いくら精鋭に人数を絞ってきたとはいえ、団員たちの疲労は濃い。
防御の薄い遊撃隊は動き回り、重装騎士たちは竜の攻撃を防ぎ続け、魔導士たちは援護と防御魔法をかけ続けている。
加えて、山を登ってきて、休憩する間もなく、戦闘に突入。
疲れていないわけがないのだ。
すでに陽は落ち、空には星が瞬いている。それでも戦闘は続けられ、月明かりの下で騎士達は動き回っていた。
旗色は悪いものの、ここまで竜――いや、ホワイトドラゴンに対抗できているのは、間違いなくルーシェルの料理のおかげだろう。

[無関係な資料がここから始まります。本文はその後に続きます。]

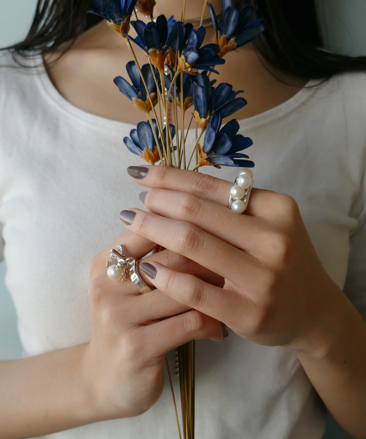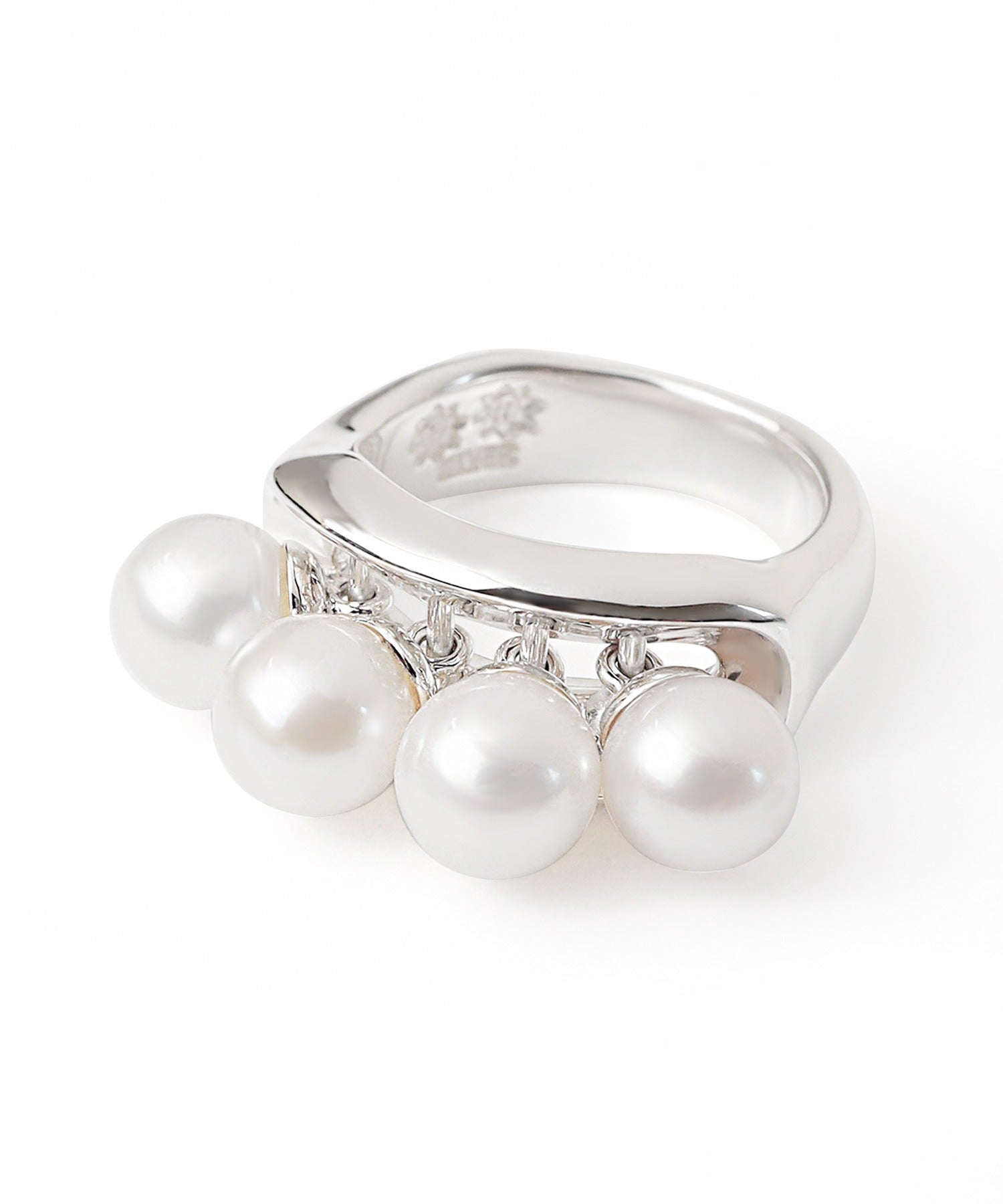 デザインの主役であるトップに並べられた4石の大粒の淡水パールは、横にカタカタと揺れる仕組み。<br>数ミリ単位で計算して組み上げられた構造的なデザインです。<br>

もし食べていなければ、今頃騎士団は最初の【白銀の息吹】で全滅していたはずである。
「ぐっ!」
唸りを上げたのは、フレッティだった。
一旦ホワイトドラゴンから距離を取る。致命傷こそないが、鎧はもうボロボロだ。手甲の辺りが黒くなっている。
これはフレイムタンの炎のせいだ。
燃えさかる魔剣の炎は繰り手に対しても、決して無害ではない。そもそも魔剣は握っているだけで魔力を吸い上げられていく。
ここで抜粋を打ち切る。